CVE-2021-40178 : Security Advisory and Response

Zoho ManageEngine Log360 before Build 5224 allows stored XSS via the LOGO_PATH key value in the logon settings.

Understanding CVE-2021-40178

Zoho ManageEngine Log360 before Build 5224 is susceptible to stored XSS due to a vulnerability in the LOGO_PATH key value.

What is CVE-2021-40178?

CVE-2021-40178 is a Common Vulnerabilities and Exposures (CVE) entry that highlights the stored cross-site scripting (XSS) issue in Zoho ManageEngine Log360 before Build 5224.

The Impact of CVE-2021-40178

This vulnerability allows attackers to execute malicious scripts in the context of a user's session, potentially leading to unauthorized data access or manipulation.
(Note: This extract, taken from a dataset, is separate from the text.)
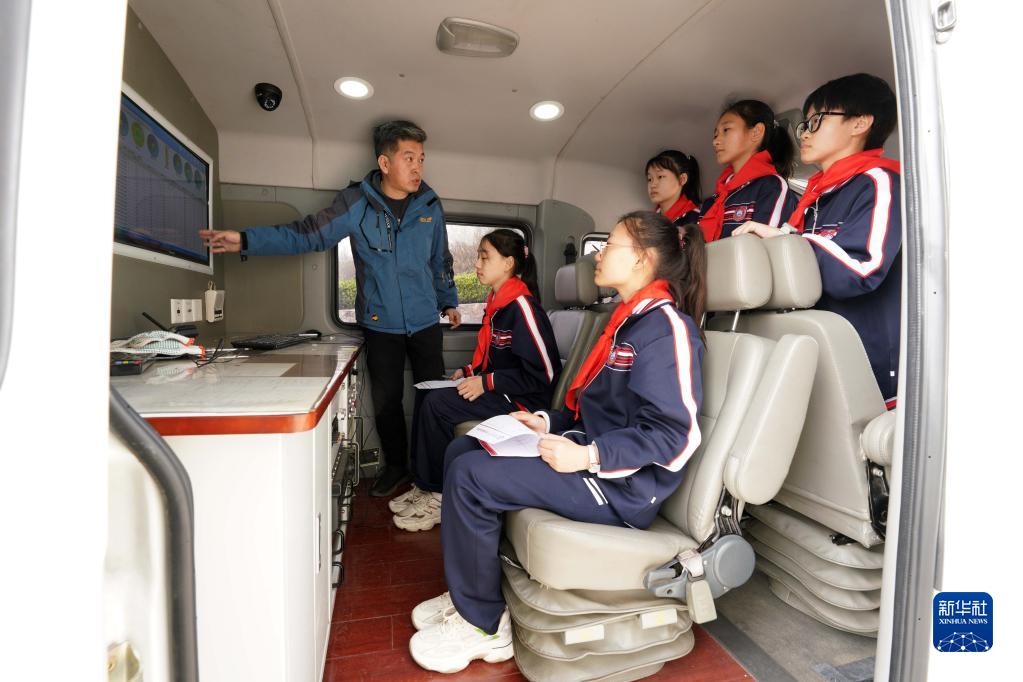 3月22日,河北省邢臺市第八中學學生在邢臺市氣象站參觀氣象應急車。

Technical Details of CVE-2021-40178

Zoho ManageEngine Log360 before Build 5224 is affected by the following technical details:

Vulnerability Description

Stored XSS vulnerability through the LOGO_PATH key value in the logon settings.

Affected Systems and Versions

Product: Zoho ManageEngine Log360
Vendor: Zoho
Versions Affected: All versions before Build 5224

Exploitation Mechanism

Attackers can exploit this vulnerability by injecting malicious scripts into the LOGO_PATH key value, which are then executed when accessed by an authenticated user.

Mitigation and Prevention

It is crucial to take immediate steps to mitigate and prevent the impact of CVE-2021-40178:

Immediate Steps to Take

Update Zoho ManageEngine Log360 to Build 5224 or later.
Restrict access to the logon settings to authorized personnel only.
Implement input validation to sanitize user-supplied data.

Long-Term Security Practices

Conduct regular security assessments and penetration testing.
Educate users on the importance of identifying and avoiding malicious content.

Patching and Updates

Stay vigilant for security advisories from Zoho and apply patches promptly to address known vulnerabilities.